I’m visiting Washington D.C. with my family, and this morning decided to take a run past the U.S. Capitol to take some photographs of the Capitol building before the sun came up. The dome is beautifully lit at night.
But then, when I got to the Mall, I could barely see the Capitol dome. Blaring lights from the set being erected for John Stewart and Stephen Colbert’s Rally to Restore Sanity and/or Fear were getting in the way of my ability to see the U.S. Congress.
I couldn’t think of a better metaphor than that for my view of the Stewart-Colbert rally. In a time of serious problems and complicated debates, Stewart and Colbert have managed to convince a huge number of Americans that the issues can all be boiled down to the idea that too many Americans take politics too seriously.
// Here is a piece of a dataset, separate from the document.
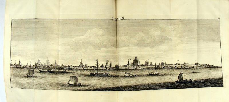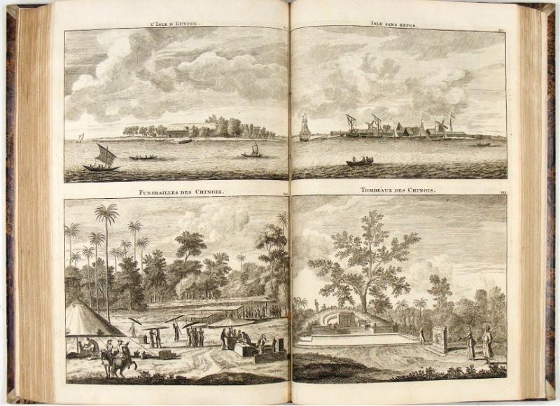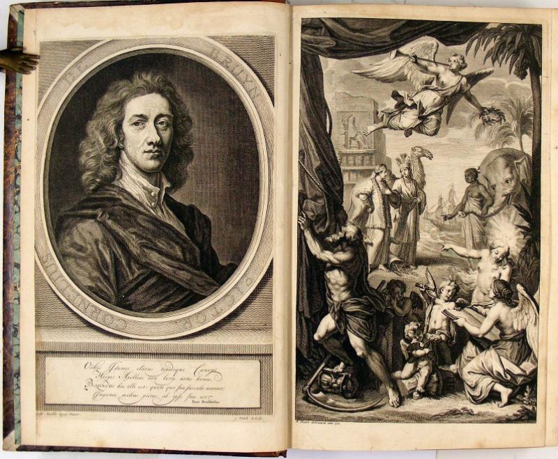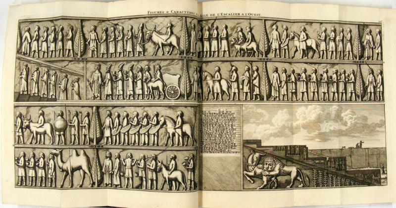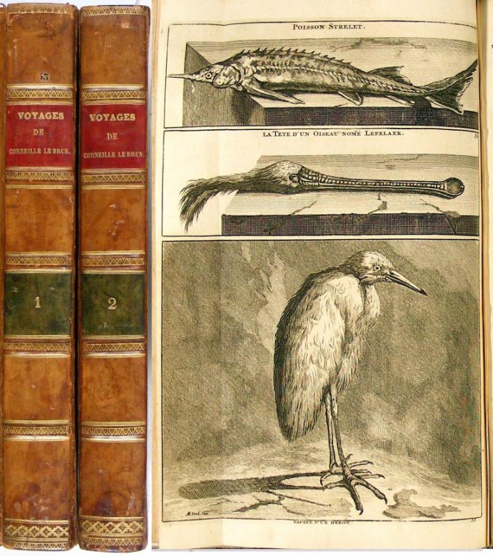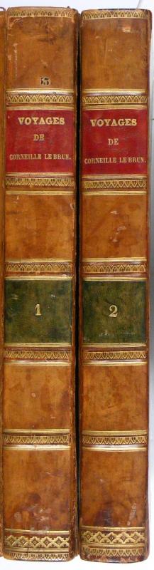 Voyages De Corneille Le Brun Par La Moscovie, En Perse, Et Aux Indes Orientales. Ouvrage enrichi De plus de 320. Tailles douces, des plus curieuses, Representant Les plus belles vuës de ces Païs ... Avec les Antiquitez de ces Païs, & particulierement celles du Fameux Palais De Persepolis. Que les Perses appellent Chelminar ... On y a ajoûté la route qu'a suivie Mr. Isbrants, Ambassadeur de Moscovie, En traversant la Russie & la Tartarie, pour se rendre à la Chine. Et quelques Remarques contre Mrs. Chardin & Kempfer. Avec une Lettre écrite à l'Auteur, sur ce sujet. 2 Bände (2 volumes). Amsterdam, Wetstein 1718. 33 x 21 cm. [6] Bl., [3] gef. Blatt (Karten), 252 S., [54] Bl. Illustrationen; [1] Bl., S. 253 - 468, [60] Bl. Illustrationen. Titelblätter jeweils in Rot und Schwarz gedruckt. Mit Kupferstich-Porträt, Kupferstich-Frontispiz, 3 gefalteten Kupferstich-Landkarten, 271 (von 273) meist num. Kupferstichen auf 113 (von 114) meist gefalteten Kupferstich-Tafeln und 44 Textkupfern. Das häufig fehlende Blatt 469 mit der Anweisung an den Buchbinder faksimiliert eingebunden. Halbleder wohl des 19. Jhs mit Rückenvergoldung und je einem roten und grünen, goldgeprägten Titelschild.

When I look at voting rates, and the extent of Americans’ ignorance of the most basic political facts, I can’t agree with John Stewart and Stephen Colbert that if everyone would just stop being so serious about bad mean politics, everything would be okay. We need less mediocre, mumbling, apathetic “moderation”, not more of it. The facts do not automatically align with what seems nice. The truth is not often right in the middle of opposite extremes.
Jokes are amusing, but they don’t solve problems. If Americans would spend the daily hour they devote to watching John Stewart and Stephen Colbert’s comedy routines to browsing the Congressional Record instead, our nation would be in much better condition.